白富美

bái fù měi

white, rich, beautiful

classicspice 2/5relationship

白富美 (bái fù měi, 'white, rich, beautiful') is the Chinese internet's shorthand for the 'ideal woman' — fair skin, family wealth, and good looks. Its male equivalent is 高富帅 (gāo fù shuài, 'tall, rich, handsome'). Both are used as aspirational stereotypes and as ironic self-deprecation.

What your textbook says

白 = white, 富 = rich, 美 = beautiful. Three separate adjectives.

What the internet means

The female ideal in Chinese internet culture: fair-skinned, wealthy, and beautiful. The male counterpart is 高富帅 (tall, rich, handsome). Together they represent the 'winners' of Chinese society — usually used semi-ironically to describe an unattainable standard or to self-deprecate by contrast ('I'm the opposite of 白富美').

Character Breakdown

bái
white/fair
+
rich
+
měi
beautiful
=
白富美
bái fù měi
white, rich, beautiful

Cultural Context

白富美 and its counterpart 高富帅 (gāo fù shuài, tall-rich-handsome) emerged on Baidu Tieba and Weibo around 2012 as compressed labels for China's social hierarchy. The terms gained traction alongside the 矮穷矬 (short-poor-ugly) and 矮矬穷 counter-labels — self-deprecating terms for people who saw themselves as the opposite. These pairs reflected growing anxiety about inequality, dating market dynamics, and social mobility in post-reform China.

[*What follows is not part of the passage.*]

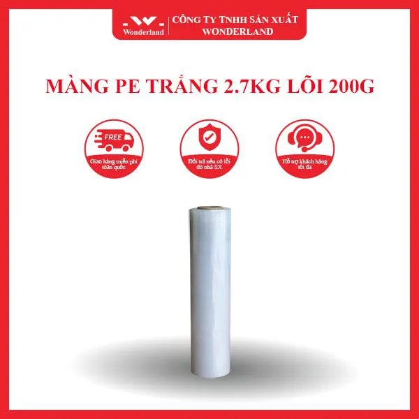 Quý khách hàng đang quan tâm đến sản phẩm Màng PE Trắng 2.7kg Lõi 200g và muốn biết nơi đâu có thể tìm mua sản phẩm này? Chúng tôi xin hân hạnh giới thiệu rằng bạn có thể tìm mua sản phẩm chất lượng tại công ty sản xuất màng PE Wonderland.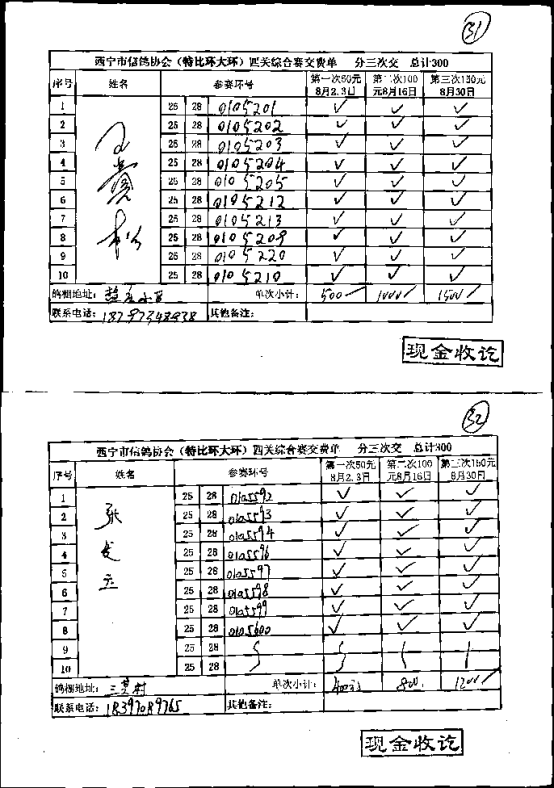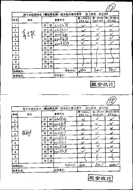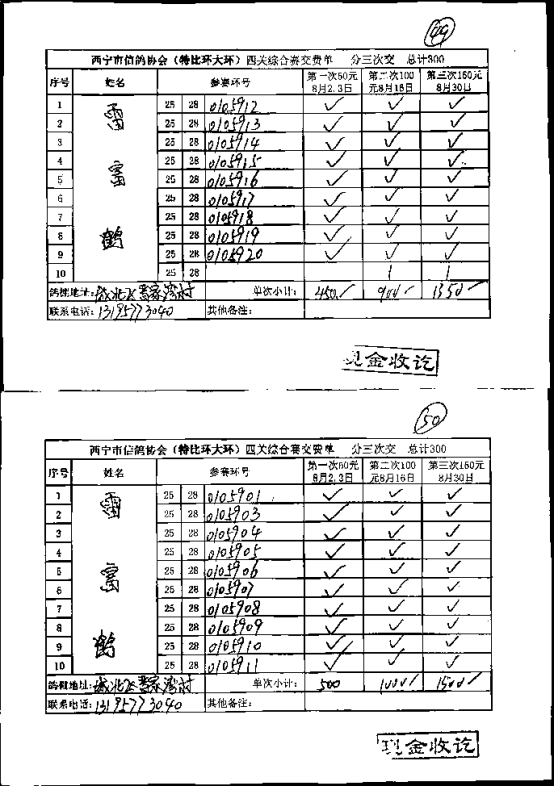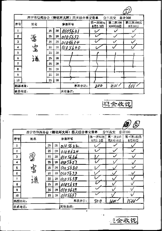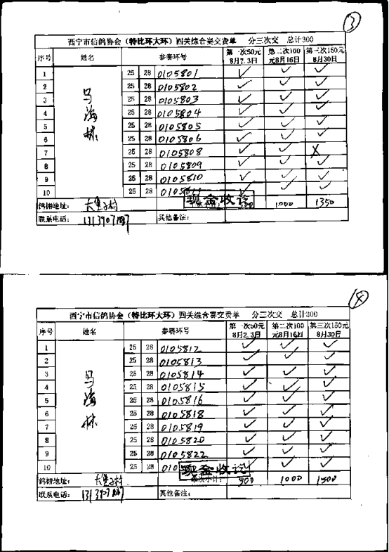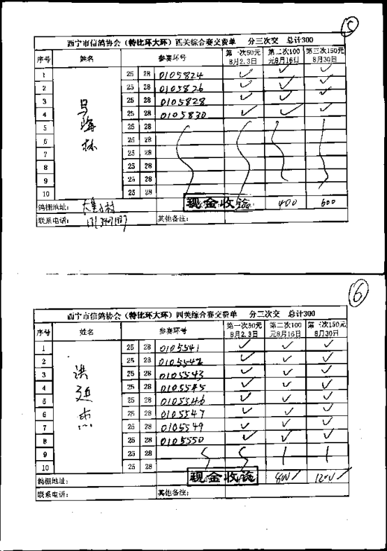 西宁市信鸽协会小环团体预览版

The terms are simultaneously descriptive and critical. On the surface, they're aspirational: people use 白富美 as genuine praise. But the compression of a person's worth into three physical/financial attributes is inherently reductive — and most users know that. The terms are often deployed ironically: '对面来了个白富美,我赶紧把奶茶藏起来了' (A bai-fu-mei walked past, so I quickly hid my milk tea). The humor comes from the gap between the 'ideal' and ordinary life. 白富美 also carries cultural baggage around colorism — 白 (white/fair skin) as an explicit beauty criterion reflects deep-rooted aesthetic preferences in Chinese culture.

Where You'll Encounter This

Weibo (微博)Xiaohongshu (小红书)Douyin (抖音)WeChat (微信)

How People Actually Use It

Aspirational

Xiaohongshu comment under a fashion post

这穿搭也太白富美了吧,求链接!

"This outfit is SO bai-fu-mei — drop the links!"

Self-deprecating

WeChat Moments post after payday

离白富美还差一个白和一个富。

"I'm still missing the 'white' and the 'rich' from bai-fu-mei."

Ironic

Douyin comment under a luxury unboxing video

白富美的世界我不懂,我去吃泡面了。

"I don't understand the bai-fu-mei world. I'm going to eat instant noodles."

Common Questions

What does 白富美 mean?

白富美 (bái fù měi) literally means 'white (fair-skinned), rich, beautiful.' In Chinese internet slang, it's a compressed label for the 'ideal woman' — a stereotype used both as genuine praise and as ironic commentary on Chinese beauty and wealth standards.

What is the male version of 白富美?

高富帅 (gāo fù shuài) — 'tall, rich, handsome.' It's the male counterpart and follows the same three-character compression. Together, 白富美 and 高富帅 represent the 'winners' of Chinese social dynamics.

Is 白富美 a compliment?

It depends on context. Fans and admirers use it as genuine praise. But it's often used ironically or as self-deprecating humor by comparison — 'I saw a 白富美 and hid my instant noodles.' The term also carries criticism of reducing a person's value to appearance and wealth.